| EXERCISE PROMPT |
Up to and including the line bearing "In the banks’", output every line of the entries exactly as written, starting from the first; pictures stay out.

· · · · · · ·

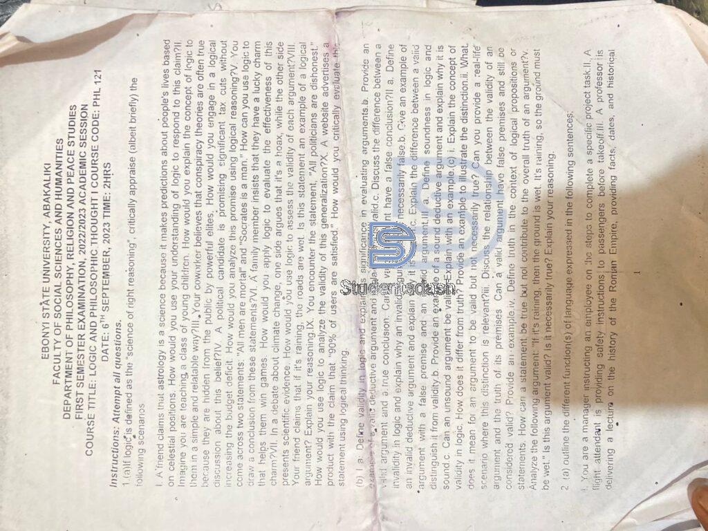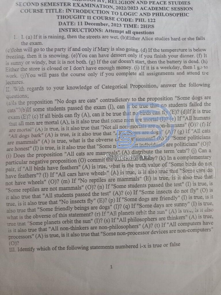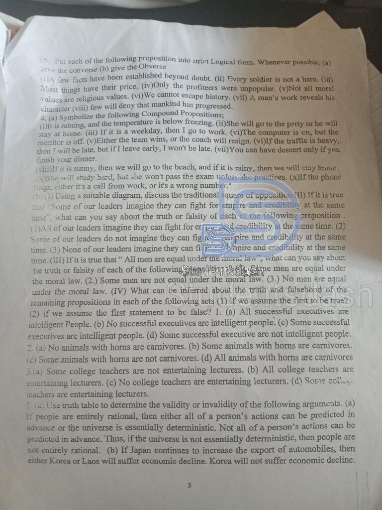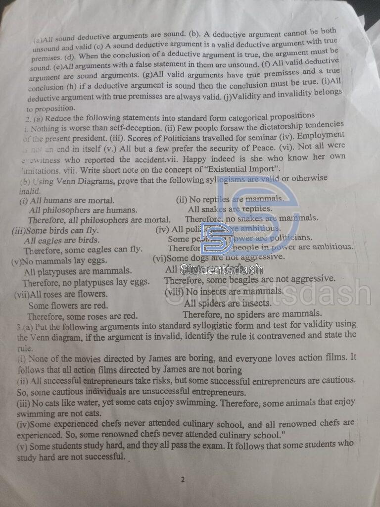 LAW 102 Logic and Philosophical Thoughts (PHL 121 Past Questions and Answers
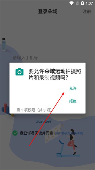 1、在朵域运动的登录页面,允许处理权限请求。
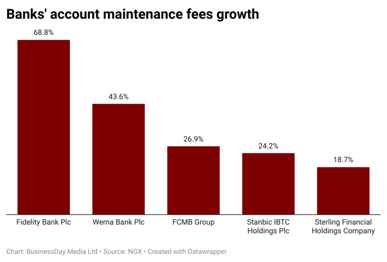 In the banks’ latest financial statement, Fidelity Bank recorded a 68.8 percent increase in account maintenance fees, followed by Wema Bank with 43.6 percent and FCMB Group with 26.9 percent.
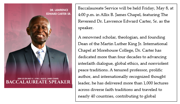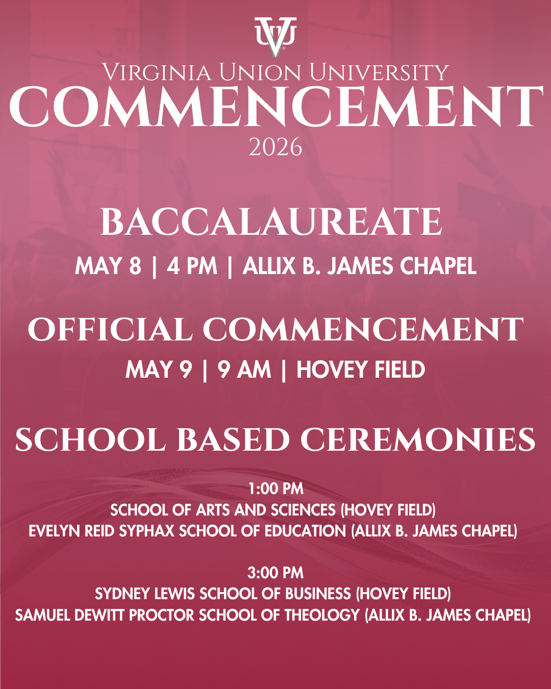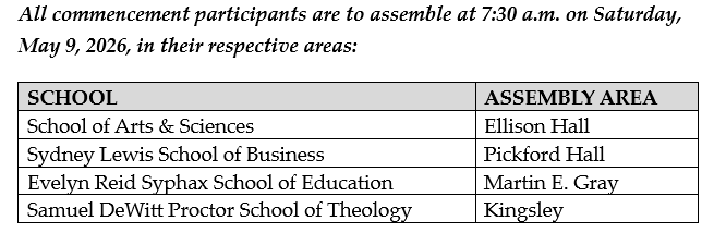 Baccalaureate and commencement at Virginia Union University are sacred ceremonies. As such, they are conducted with decorum, dignity, and pride. Appropriate academic regalia and accessories should complement the robe. The mortarboard is to be worn horizontally – not tilted. Appropriate attire is reflective of the importance of these occasions and is listed here:
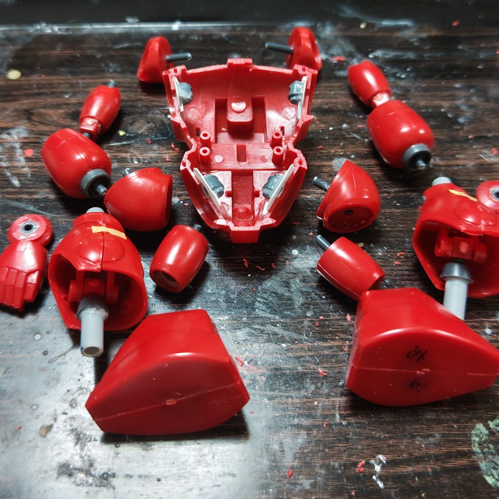 今回、各関節を接続するのに、コトブキヤのジョイントセットを多用しました。これ、素材は多分今ABSの代わりに使われているKPSってやつだと思うんですけど、軸穴が全て3㎜径なんです。それで、気が利いてるというか、当然というか、ランナーが3㎜径なので、軸として使えるんですね。
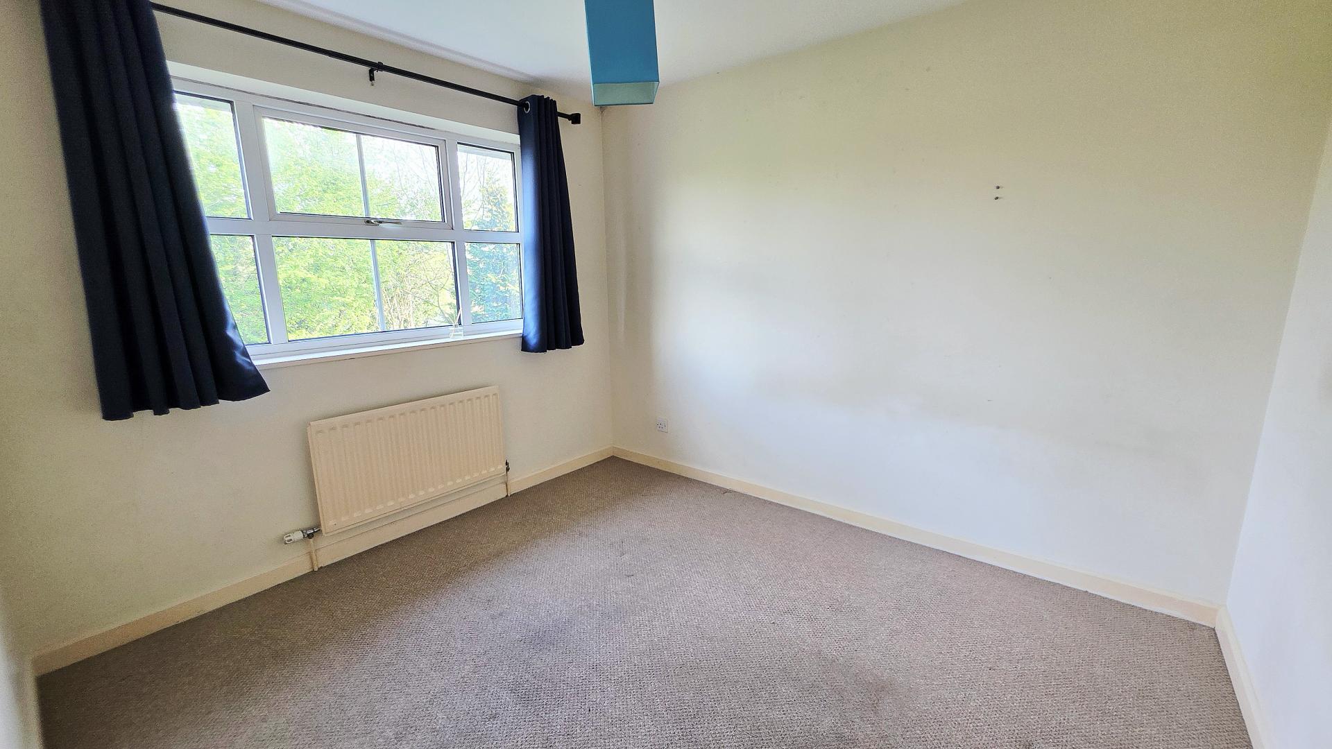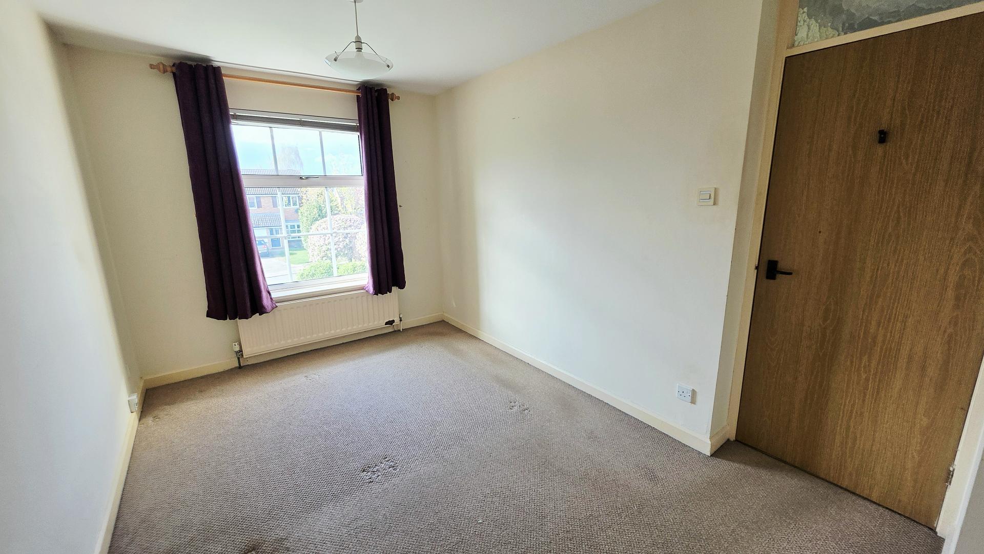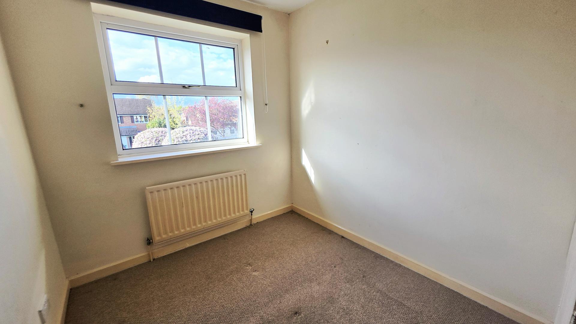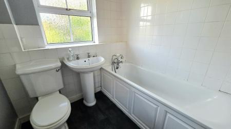 To the first floor are three bedrooms and a bathroom fitted with a three-piece white suite.
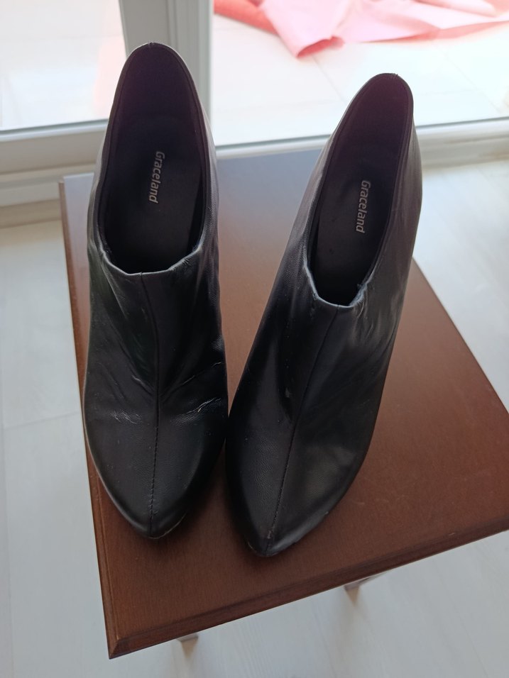 Siyah rugan dolgu topuklu stiletto, lastikli ve tokalı detaylı, minimalist goth tarzıyla ofis için uygun.

· · · · · · ·

| SOLUTION TO THIS TASK |
 LAW 102 Logic and Philosophical Thoughts (PHL 121 Past Questions and Answers
 1、在朵域运动的登录页面,允许处理权限请求。
 In the banks’ latest financial statement, Fidelity Bank recorded a 68.8 percent increase in account maintenance fees, followed by Wema Bank with 43.6 percent and FCMB Group with 26.9 percent.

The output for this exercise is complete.